Hence, the public would just have to learn the virtues of generational patience, and accept that it will take not just years, but decades, to accomplish all those things that they expected from an Obama presidency. But, for those of us to the left of liberals, to the left of the American electoral process, the Coakley-Brown race is a textbook example of how the system is rigged against any meaningful participation by many Americans. If Brown wins, health care reform is either killed, or passed in an even more menacing form, while if Coakley wins, you get health care reform passed with a few fig leafs, such as the recent deal between the White House and the AFL-CIO on the so-called Cadillac plan tax, that do not alter its regressive features. One can anticipate similar outcomes in relation to other future measures designed to address the current economic downturn. Given that the Congress is firmly in the hands of the Lieberman/Nelson/Baucus axis, it hard to even identify any differences that would result in foreign policy as a result of the election of either candidate.

Liberals understood this very clearly, as appeals for support for Coakley took on more and more hysterical tones. If Brown won, they screamed, Republicans would return to power and destroy the country. Voters who refused to respond to the rhetorical horsewhipping administered by Democratic activists deserved what they will get. Left unanswered, of course, was whether voters deserve what they are currently getting from Obama and the Democratic majority in Congress. Coakley supporters were left with such emotional appeals, because there have nothing to substantively say that would persuade voters that Coakley, and by extension, Obama, have any intention of challenging the plutocracy that controls the government.
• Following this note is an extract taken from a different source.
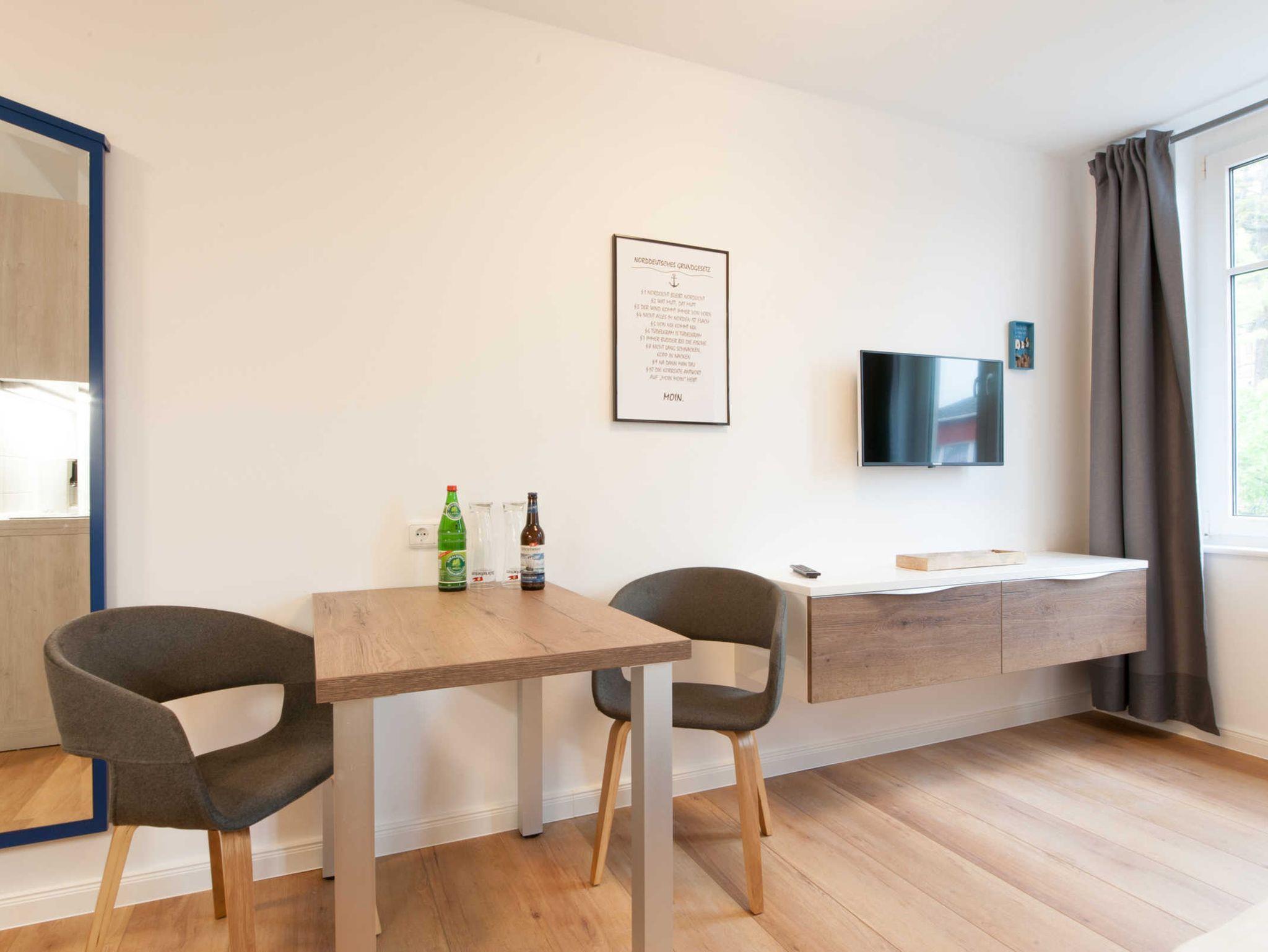 Die Küche verfügt über ein 2-fach Ceranfeld, Mikrowelle, Kühlschrank mit kleiner Gefriermöglichkeit, Kaffeepresse, Toaster und Wasserkocher. Das Bad ist mit Dusche ausgestattet. Das Appartement hat selbstverständlich kostenlos WLAN/Internet, ein SMART-TV, sodass Mediatheken/youtube geschaut werden können und mit einer Spielesammlung kann man den Abend gemütlich ausklingen lassen.

Perhaps, such fearmongering will work just enough to carry Coakley through to victory, and put off the day of reckoning until next November. Obama and Reid could respond to a Coakley defeat by getting progressive legislation through the Senate with just 51 votes, and thus, reinvigorate a moribund liberalism with a record of populist accomplishment, but that's about as likely as the prospect of the US military abandoning the control over Haiti that it has seized in response to the earthquake. If given a choice, the middle class looks likely to gravitate to a party that celebrates its exercise of power for the benefit of capital, as opposed to a party that dresses its corporate friendly policies in the garb of an ersatz populism. One wonders whether the collapse of the Obama presidency will plant the seeds of a direct action political movement based upon the recognition that the electoral process is no longer capable of addressing the needs of the populace. If so, it will take awhile for the seeds to germinate.